The IMEL or IMELS building, an example of the Stalin-era Socialist Classicism, was constructed in Tbilisi, the capital of then-Soviet Georgia, between 1934 and 1938 based on the design by Alexey Shchusev to house a Tbilisi-branch of the Marx-Engels-Lenin Institute, briefly also called the Marx-Engels-Lenin-Stalin Institute. IMELI (იმელი) is a Georgian rendition of the institute's Russian name acronymed as IMEL (ИМЭЛ), which remained colloquial in Tbilisi even after the dissolution of the Soviet Union. Shchusev's design was eclectic, featuring elements of both Socialist Classicism and Constructivism. Both the exterior and interior are richly decorated with wooden and metal works, as well as with various Georgian marbles and natural stones. The facades were adorned by the leading Georgian sculptors of that time—Iakob Nikoladze and Tamar Abakelia. In 1986 the building was listed as architectural heritage.

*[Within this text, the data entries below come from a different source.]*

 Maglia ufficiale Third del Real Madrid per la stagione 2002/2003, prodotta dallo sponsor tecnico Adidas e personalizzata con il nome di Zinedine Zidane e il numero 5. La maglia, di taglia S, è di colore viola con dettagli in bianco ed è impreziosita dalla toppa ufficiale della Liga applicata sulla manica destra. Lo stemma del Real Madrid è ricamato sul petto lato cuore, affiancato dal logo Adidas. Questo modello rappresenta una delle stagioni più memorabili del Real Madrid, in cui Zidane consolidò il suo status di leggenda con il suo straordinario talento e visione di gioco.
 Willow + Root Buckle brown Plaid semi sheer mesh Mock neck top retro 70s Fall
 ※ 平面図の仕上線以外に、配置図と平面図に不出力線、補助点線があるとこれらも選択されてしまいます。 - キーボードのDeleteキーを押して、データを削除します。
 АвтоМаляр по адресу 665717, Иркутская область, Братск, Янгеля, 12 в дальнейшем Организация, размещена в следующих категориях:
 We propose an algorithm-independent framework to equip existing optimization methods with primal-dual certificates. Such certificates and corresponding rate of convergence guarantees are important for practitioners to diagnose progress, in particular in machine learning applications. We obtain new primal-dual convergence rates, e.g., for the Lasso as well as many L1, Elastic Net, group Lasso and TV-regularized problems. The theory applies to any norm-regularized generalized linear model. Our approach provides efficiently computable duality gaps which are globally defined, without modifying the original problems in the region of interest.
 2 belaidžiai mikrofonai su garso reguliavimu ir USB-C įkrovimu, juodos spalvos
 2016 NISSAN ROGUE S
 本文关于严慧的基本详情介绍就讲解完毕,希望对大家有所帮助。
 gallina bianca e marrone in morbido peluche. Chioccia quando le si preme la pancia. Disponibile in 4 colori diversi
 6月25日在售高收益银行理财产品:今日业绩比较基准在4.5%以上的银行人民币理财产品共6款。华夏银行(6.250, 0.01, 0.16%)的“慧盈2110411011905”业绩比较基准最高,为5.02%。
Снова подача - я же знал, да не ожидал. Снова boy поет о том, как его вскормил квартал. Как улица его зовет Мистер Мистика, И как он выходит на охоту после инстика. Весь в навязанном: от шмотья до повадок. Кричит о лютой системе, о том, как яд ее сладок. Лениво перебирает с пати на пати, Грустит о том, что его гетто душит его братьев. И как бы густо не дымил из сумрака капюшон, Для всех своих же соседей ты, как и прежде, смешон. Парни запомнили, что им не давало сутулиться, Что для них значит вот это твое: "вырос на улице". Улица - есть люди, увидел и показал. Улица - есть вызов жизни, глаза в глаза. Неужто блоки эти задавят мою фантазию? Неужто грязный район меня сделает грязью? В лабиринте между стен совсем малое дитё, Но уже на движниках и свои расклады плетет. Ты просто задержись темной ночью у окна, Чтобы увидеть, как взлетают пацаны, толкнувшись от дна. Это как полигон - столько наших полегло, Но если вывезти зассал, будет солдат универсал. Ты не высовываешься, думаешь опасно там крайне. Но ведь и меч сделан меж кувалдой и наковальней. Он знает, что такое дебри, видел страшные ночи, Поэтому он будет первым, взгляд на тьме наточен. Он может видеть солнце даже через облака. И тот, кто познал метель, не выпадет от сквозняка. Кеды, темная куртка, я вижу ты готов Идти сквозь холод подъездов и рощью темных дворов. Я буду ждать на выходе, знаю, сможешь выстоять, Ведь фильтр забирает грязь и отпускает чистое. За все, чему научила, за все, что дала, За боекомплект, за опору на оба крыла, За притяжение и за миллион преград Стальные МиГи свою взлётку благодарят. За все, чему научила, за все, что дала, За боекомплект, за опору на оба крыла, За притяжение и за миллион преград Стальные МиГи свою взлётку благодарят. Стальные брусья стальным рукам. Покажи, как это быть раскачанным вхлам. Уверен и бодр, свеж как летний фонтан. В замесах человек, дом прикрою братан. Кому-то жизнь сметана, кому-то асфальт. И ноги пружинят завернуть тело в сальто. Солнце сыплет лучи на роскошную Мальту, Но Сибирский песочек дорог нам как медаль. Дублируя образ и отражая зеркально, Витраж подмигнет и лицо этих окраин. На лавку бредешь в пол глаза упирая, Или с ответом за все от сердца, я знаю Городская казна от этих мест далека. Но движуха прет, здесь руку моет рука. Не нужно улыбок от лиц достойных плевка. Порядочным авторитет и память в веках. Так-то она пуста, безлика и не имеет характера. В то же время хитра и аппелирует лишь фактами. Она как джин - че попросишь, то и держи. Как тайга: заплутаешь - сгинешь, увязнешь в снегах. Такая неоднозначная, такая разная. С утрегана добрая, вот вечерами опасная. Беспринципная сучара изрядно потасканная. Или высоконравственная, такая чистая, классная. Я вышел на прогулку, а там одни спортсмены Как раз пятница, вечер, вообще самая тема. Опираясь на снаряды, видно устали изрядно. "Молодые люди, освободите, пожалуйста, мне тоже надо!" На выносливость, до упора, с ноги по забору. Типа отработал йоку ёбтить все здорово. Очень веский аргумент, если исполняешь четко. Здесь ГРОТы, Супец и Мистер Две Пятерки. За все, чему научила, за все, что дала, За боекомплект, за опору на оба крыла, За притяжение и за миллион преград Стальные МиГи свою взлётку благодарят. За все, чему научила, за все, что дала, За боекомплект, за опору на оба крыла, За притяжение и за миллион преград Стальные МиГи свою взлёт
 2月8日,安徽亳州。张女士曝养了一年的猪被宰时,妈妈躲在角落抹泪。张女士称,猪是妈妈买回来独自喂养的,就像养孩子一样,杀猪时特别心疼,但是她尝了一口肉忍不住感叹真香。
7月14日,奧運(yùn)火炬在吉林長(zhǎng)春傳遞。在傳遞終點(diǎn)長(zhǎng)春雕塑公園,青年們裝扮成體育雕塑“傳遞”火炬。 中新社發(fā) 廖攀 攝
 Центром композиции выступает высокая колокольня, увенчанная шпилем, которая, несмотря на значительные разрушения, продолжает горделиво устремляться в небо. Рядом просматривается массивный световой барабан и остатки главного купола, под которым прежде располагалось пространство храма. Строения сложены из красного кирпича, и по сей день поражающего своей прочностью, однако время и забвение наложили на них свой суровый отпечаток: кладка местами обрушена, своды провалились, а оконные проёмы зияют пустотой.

After the fall of the Soviet Union in 1991, the building was used for government purposes and some Communist-era symbols and decorations were removed from the facades. It housed the Parliament of Georgia from 1992 to 1995. It was where the Georgia's first post-Soviet constitution was adopted on 25 August 1995. Later, it served as the Constitutional Court of Georgia and the Central Election Commission office.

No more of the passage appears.